|Name Yosihiko Sinoto|
|Books Huahine: Island of the Lost Canoe|
Yosihiko H. Sinoto (born 3 September 1924) is a Japanese-born American anthropologist at the Bishop Museum in Honolulu, Hawaii. He is known for his anthropological expeditions throughout the Pacific, particularly Hawaii and French Polynesia.
He graduated as BA at the University of Hawaii in 1958 and he acquired his DSc at the University of Hokkaido in Japan in 1962.
In 1954 he moved to Hawaii where he began his archaeological dig work at South Point on Hawaii. In 1960 he accompanied anthropologist Kenneth Emory to Tahiti, in French Polynesia.

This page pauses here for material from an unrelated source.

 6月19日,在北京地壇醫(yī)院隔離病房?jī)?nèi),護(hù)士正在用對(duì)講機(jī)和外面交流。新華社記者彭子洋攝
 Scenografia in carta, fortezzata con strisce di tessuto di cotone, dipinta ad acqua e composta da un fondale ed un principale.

In 1964-5 he excavated Hane in the Marquesas Islands, during which he discovered more than 12,000 bird bones of which nearly 10,000 are reported to belong to about seven species of shearwaters and petrels. On the island of Huahine, where he worked for 40 years, he helped to restore and preserve the prehistoric village of Maeva with its temple ruins, or marae. In 1977 he discovered the remnants of a deep-sea voyaging canoe. Sinoto's further expeditions led him to the Society Islands, Marquesas, Tuamotus and others, where he studied the settlements, artifacts, migration patterns and Polynesian cultural ties.

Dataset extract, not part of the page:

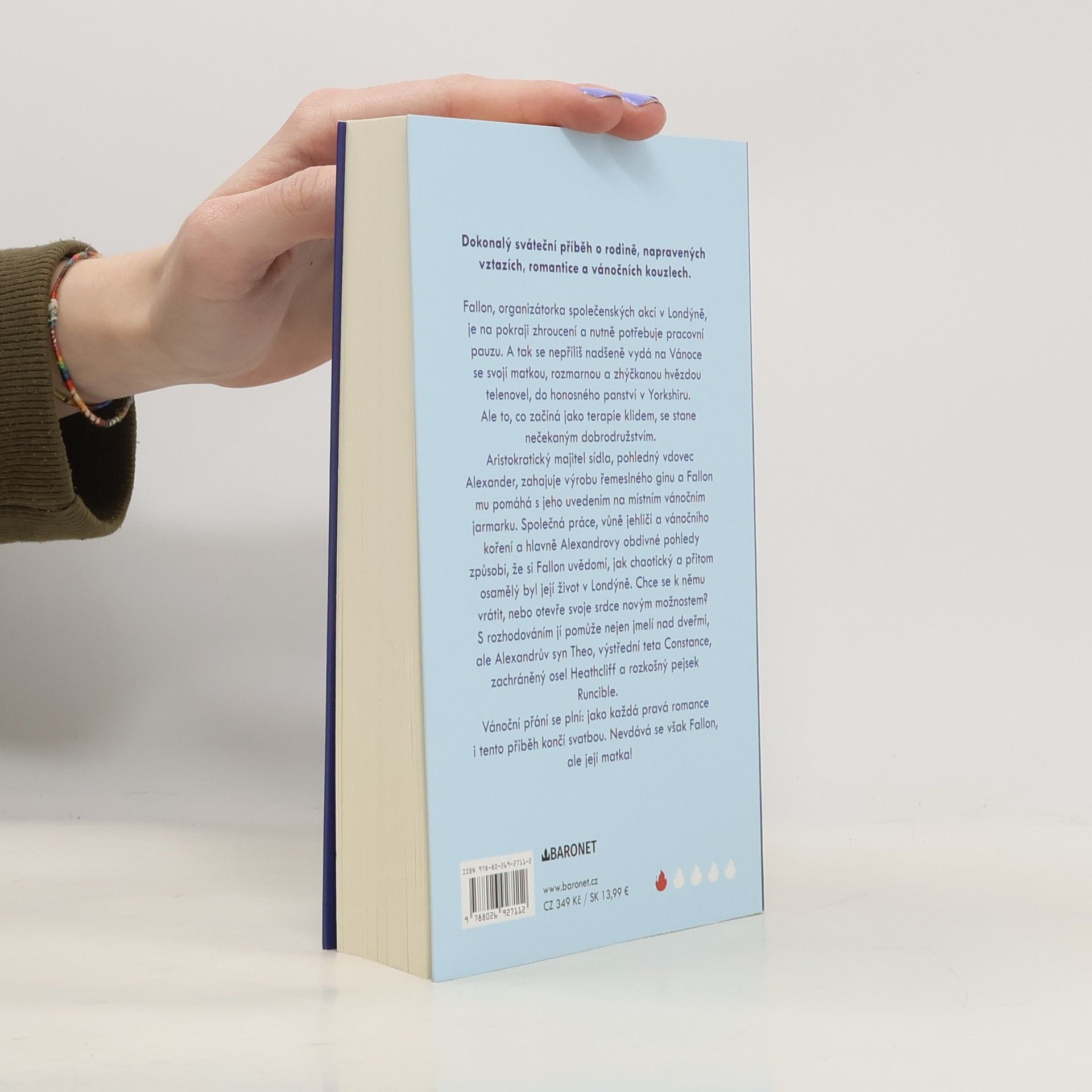Dokonalý sváteční příběh o rodině, napravených vztazích, romantice a vánočních kouzlech. Fallon, organizátorka společenských akcí v Londýně, je na pokraji zhroucení a nutně potřebuje pracovní pauzu. A tak se nepříliš nadšeně vydá na Vánoce se svojí matkou, rozmarnou a zhýčkanou hvězdou telenovel, do honosného panství v Yorkshiru. Ale to, co začíná jako terapie klidem, se stane nečekaným dobrodružstvím. Aristokratický majitel sídla, pohledný vdovec Alexander, zahajuje výrobu řemeslného ginu a Fallon mu pomáhá s jeho uvedením na místním vánočním jarmarku. Společná práce, vůně jehličí a vánočního koření a hlavně Alexandrovy obdivné pohledy způsobí, že si Fallon uvědomí, jak chaotický a přitom osamělý byl její život v Londýně. Chce se k němu vrátit nebo otevře svoje srdce novým možnostem? S rozhodováním jí pomůže nejen jmelí nad dveřmi, ale Alexandrův syn Theo, výstřední teta Constance, zachráněný osel Heathcliff a rozkošný pejsek Runcible. Vánoční přání se plní: jako každá pravá romance i tento příběh končí svatbou. Nevdává se však Fallon, ale její matka!

Yosihiko Sinoto's wife, Kazuko Sinoto, who died in 2013, was a historian of Japanese immigration. His son Aki is archaeologist at the Bishop Museum.
Sinoto is honored as a Tahitian chevalier (knight) of the Order of Tahiti Nui in 2000 and the Japanese Order of the Rising Sun.
Sinoto's lorikeet (Vini sinotoi), an extinct lorikeet species in the Marquesas Islands, and Sir Yosihiko Sinoto, a hybrid variety of hibiscus, are both named for him.